The adults are played by stage star Annette McLaughlin as Mrs Wilkinson, dramatic actor with a Games of Throne credit on his CV Martin Walsh as Dad, West End trouper Scott Garnham as Tony and musical star Andrea Miller as Grandma.
The company also includes Phillip Aiden, Jonathan Alden, Leo Atkin, Tom Bainbridge, Deborah Bundy, Jack Butterworth, Luke Cinque-White, Donna Combe, Wayne Fitzsimmons, Nikki Gerrard, Abbie Louise Harris, Paul Hutton, Leon Kay, Charlie Martin, Kris Manuel, Barnaby Meredith, Daniel Page, Georgina Parkinson, Amy Rhiannon-Worth, Rachel Spurrell, Sebastian Sykes, Rafe Watts and Luke Zammit.
Set in a northern mining town, against the background of the 1984/-85 miners’ strike, Billy’s journey takes him out of the boxing ring and into a ballet class where he discovers a passion for dance that inspires his family and whole community and changes his life forever.
Acclaimed by audiences and critics alike, Billy Elliot the Musical has now been seen by nearly 11 million people across five continents and is the recipient of more than 80 international awards.
In total, worldwide, 90 boys have now played the iconic role of Billy Elliot on stage.
In May last year, Billy Elliot the Musical celebrated its 10th birthday at the West End’s Victoria Palace Theatre where it will play its final performance on 9 April 2016 after 4,600 performances when the theatre closes for refurbishment.

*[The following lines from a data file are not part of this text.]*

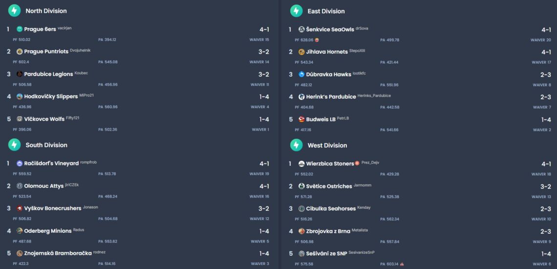CSSH FANTASY 2025 – TABULKA PO WEEKU 5
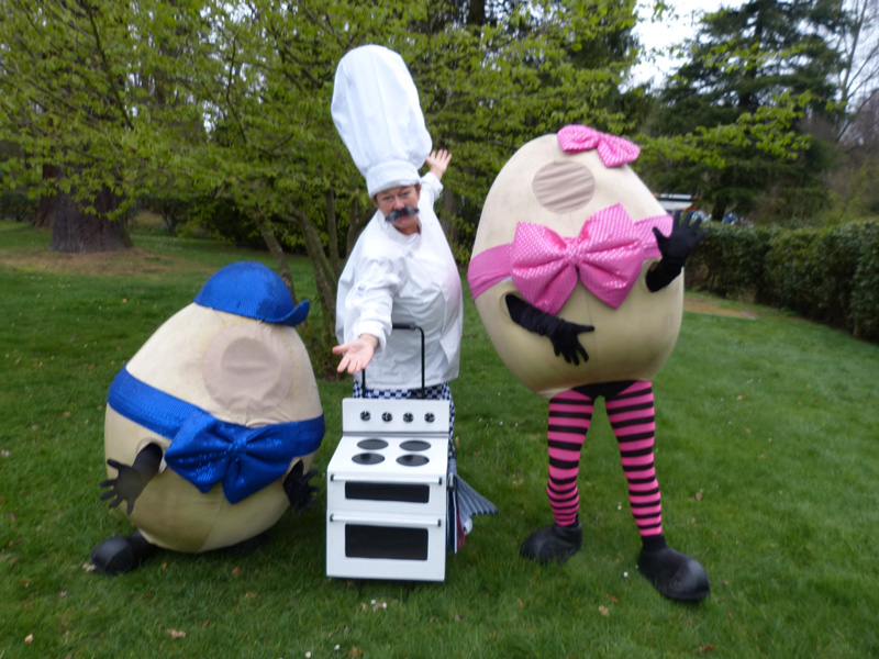 As trained performance artists, these eggs are fantastic improvisers ready to jump into any situation they encounter and make it amusing. They especially love to dance and can teach kids of any age the secrets of their hilarious, eggy dance moves. They might start a conga line through a garden party or waltz romantically through a shopping center.
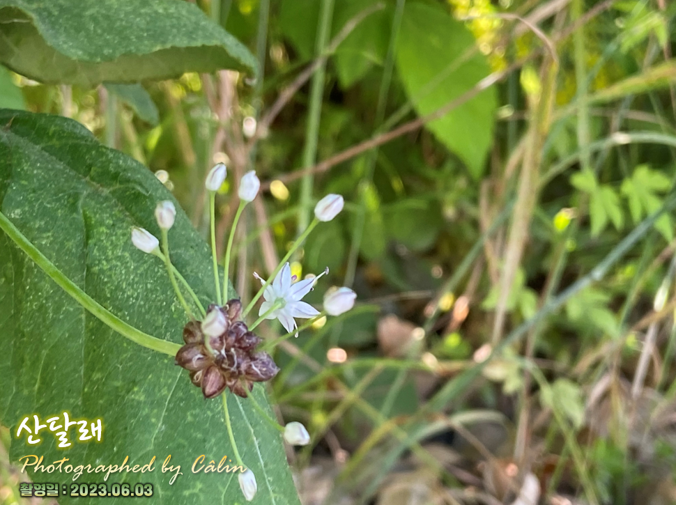 산달래는키도 크고 꽃송이가 한꺼번에 달려 같이 피어나는 편이고, 꽃줄기가 잎보다 길다는 특징이 있습니다.
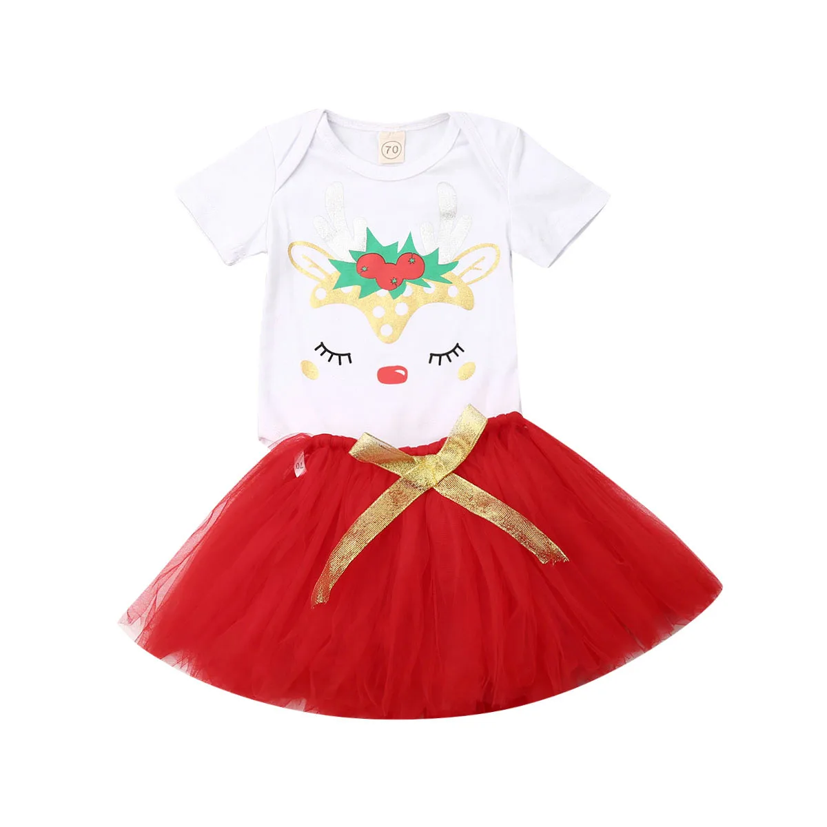 Рождественский комплект одежды для маленьких девочек от 0 до 24 месяцев, рождественское боди для маленьких девочек, нарядная юбка-пачка

Billy Elliot the Musical is brought to life by the multiple award-winning creative team behind the film including writer Lee Hall, director Stephen Daldry, and choreographer, Peter Darling.
Superstar Elton John composed the show’s score.
The production features scenic design by Ian MacNeil, the associate director is Julian Webber, costume design is by Nicky Gillibrand, lighting design by Rick Fisher and sound design by Paul Arditti. Musical supervision and orchestrations are by Martin Koch.